Emperor of the Lý dynasty
- Reign: 15/11/1210–3/9/1224
- Predecessor: Lý Cao Tông
- Successor: Lý Chiêu Hoàng

Retired Emperor of the Lý dynasty
- Reign: 1224–1226
- Predecessor: Sùng Hiền hầu
- Successor: Trần Thái Tổ (of Trần dynasty)
- Born: 10 July 1194 Thăng Long
- Died: 3 September 1226 (aged 31–32) Chân Giáo pagoda, Thăng Long
- Burial: Thọ Tomb
- Spouse: Trần Thị Dung
- Issue: Thuận Thiên (Trần dynasty empress) Princess Phật Kim as Lý Chiêu Hoàng

Names
- Lý Sảm (李旵) or Lý Hạo Sảm(李昊旵)

Era dates
- Kiến Gia (建嘉): 1210 – 10/1224

Regnal name
- Tự Thiên Thống Ngự Khâm Nhân Hoành Hiếu Hoàng đế (資天統御欽仁宏孝皇帝)

Temple name
- Huệ Tông (惠宗)
- House: Lý
- Father: Lý Cao Tông
- Mother: Empress An Toàn
- Religion: Buddhism

= Lý Huệ Tông =

Lý Huệ Tông (chữ Hán: 李惠宗; born Lý Sảm 李旵; July 1194 – 3 September 1226) was the emperor of Vietnam from 1211 to 1224, the penultimate leader of the Lý dynasty. During Lý Huệ Tông's rule, many members of the Trần family assumed key roles in the government, including Trần Thủ Độ. The Trần family later used its position of power to place a young Trần Cảnh (temple name Trần Thái Tông) on the throne to found the Trần dynasty.

==Biography==
In 1224, Lý Huệ Tông became mentally ill, and the issue of succession became pressing. He had produced no male heirs, and so appointed his seven-year-old daughter Lý Chiêu Hoàng as his successor. Although a female ruler would likely not have been normally acceptable to the court, Trần Thủ Độ had a scheme to end the Lý dynasty and place a Trần on the throne which depended on the existence of a young empress, and so Lý Chiêu Hoàng was accepted as empress.
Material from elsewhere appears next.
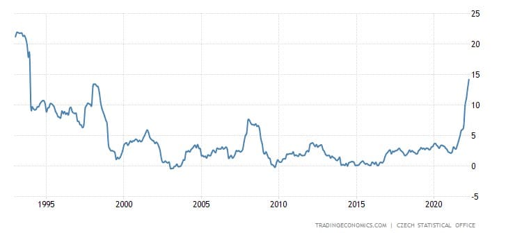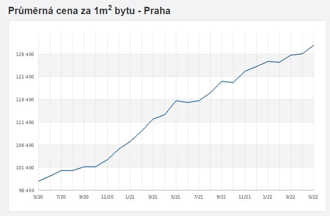 Zdroj: Tradingeconomics.comI takhle by se dala definovat situace s růstem cen v České republice, které patří mezi nejrychlejší v rámci EU. Inflace se začala postupně zvyšovat s ekonomickým oživením po covidu, kdy se do ekonomiky napumpovalo velké množství peněz. A to jak víme z historie vždy nakonec způsobilo inflaci. Další ránu růstu cen zasadil konflikt na Ukrajině a s ním spojený růst cen energií, což, jak se zdá, nemá zatím v dohledné době konce . S tím, jak se bude konflikt protahovat, lze očekávat, že inflace bude dále růst. Většina z nás se tedy logicky ptá, kam s penězi nebo úsporami a jak je maximálně ochránit. Proto jsme pro Vás připravili krátký přehled produktů, se kterými se setkáváme nejběžněji.Česká tisková kancelář uspořádala anketu mezi prodejci drahých kovů, ze které vyplynulo, že prodej zlata v České republice po zahájení ruské invaze na Ukrajinu vzrostl o desítky procent v porovnání s minulým rokem. Dle generálního ředitele společnosti Golden Gate CZ Libora Brůni poptávka po fyzických drahých kovech vzrostla meziročně o 50-100 %.Lenka Klimentová, mluvčí České mincovny, uvedla, že v souvislosti s konfliktem na Ukrajině vzrostly prodeje o třicet procent. Na zlaté slitky zájemci čekají v pořadníku i několik týdnů.Zdroj: Tradingview.comJak ale můžeme vidět z grafu výše, cena zlata se v posledních týdnech pohybuje na maximech z roku 2011. Je tedy otázka, zda je zlato vskutku ochranou proti inflaci a uchovatelem hodnoty. Nákup zlata tedy závisí na důvěře toho konkrétního člověka, případně na jeho preferencích.Broker Consulting Index uvádí, že většina podílových fondů letos prodělává. Akciové fondy do konce dubna ztratily 8,8 %, dluhopisové fondy 6,5 procenta a nemovitostní fondy 1,1 procenta. Výjimkou byly komoditní fondy, které si připsaly 71,5 procenta. Majetek, který mají Češi uložený v podílových fondech, poklesl v prvním čtvrtletí letošního roku o 6,5 miliardy na 701,1 miliardy korun. Loni přitom vzrostl o 118 miliard Kč na 707,6 miliardy korun.Chcete využít této příležitosti?Jednou z nejoblíbenějších forem ukládaní peněz jsou spořicí účty. Dle portálu penize.cz nejvyšší úrok mezi spořícími účty má produkt Hit Plus od Raiffeisenbank, který nabízí zhodnocení 4,5 % ročně. Druhé nejvyšší zhodnocení nabízí Trinity Bank a jejich spořicí účet Výhoda+ s ročním zhodnocením 4,08 %. ČNB však očekává inflaci v tomto roce až 15 %. Když inflace skutečně dosáhne této úrovně, přijdete o 10 % ročně. Spořící účty tak můžeme vnímat jen jako částečné úložiště, když potřebujete mít peníze po ruce v případě neočekávaných výdajů a platíte za to ztrátou hodnoty.Cena za 1m² v Praze – Zdroj: Realitymix.czZ údajů Hypoteční banky vyplývá, že ceny nemovitosti v Česku pokračují v trendu rychlého růstu posledních let. Byty zdražily meziročně o 20,6 procenta, rodinné domy o 19,6 procenta a pozemky o 23,7 procenta. Jedním z nejdůležitějších faktorů pro růst cen nemovitostí je nedostatečná nabídka, růst cen stavebních materiálů a obava z růstu úrokových sazeb.Růst cen nemovitostí proti předchozímu čtvrtletí zrychlil hlavně u bytů na 5,4 procenta z 5 procent v posledním loňském čtvrtletí. U rodinných domů s růstem cen o 4,7 procenta a pozemků mezičtvrtletně dražších o 5,6 procenta je tempo zvyšování cen podobné jako v předchozím čtvrtletí.Mezi hlavní negativum patří vysoké vstupní náklady na koupi nemovitosti. Dle portálu realitymix.cz se pohybuje průměrná cena bytu v Praze za 1 m² na úrovni 128 255 Kč. Pokud byste si chtěli koupit byt o rozloze 70 m², vyšel by vás momentálně na téměř 9 milionů korun. Při mzdě 36 715 Kč čistého měsíčně , byste si museli odložit na koupi bytu téměř 245 měsíčních platů, což znamená, že 20 let byste musel šetřit.Jako poslední si představíme akciový index S&P 500 . Patří mezi nejznámější ukazatele „zdraví“ ekonomiky. Obsahuje 505 největších na burze obchodovaných podniků v USA. Mezi nejznámější patří např. Apple, Microsoft, Visa, Coca Cola, Nike apod. Jednoduše by se dalo říct, že je to v podstatě sdružení těch nejlepších z nejlepších a když se někomu nedaří, jednoduše je v indexu nahrazen někým úspěšnejším. To vám jako investorovi zaručí, že v indexu budou jen ti nejvýkonnější hráči na americkém trhu. Dokonce i samotný Warren Buffett dlouhodobě doporučuje, aby investoři ukládali své peníze do nízkonákladových indexových fondů. Tím máte vlastně i solidní diverzifikaci.
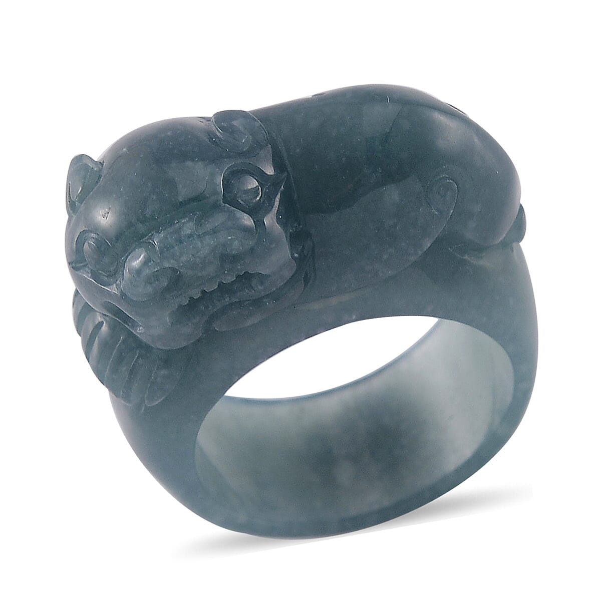 Natural Olmec Jadeite 60.00 ctw Carved Pixiu Band Ring (Size 8.0)

Lý Huệ Tông retired to become a Buddhist monk, although he lived only two more years. In 1226 Trần Thủ Độ, while consolidating the power of the newly founded Trần dynasty by eliminating Lý family members and potential pretenders, induced Lý Huệ Tông to commit suicide.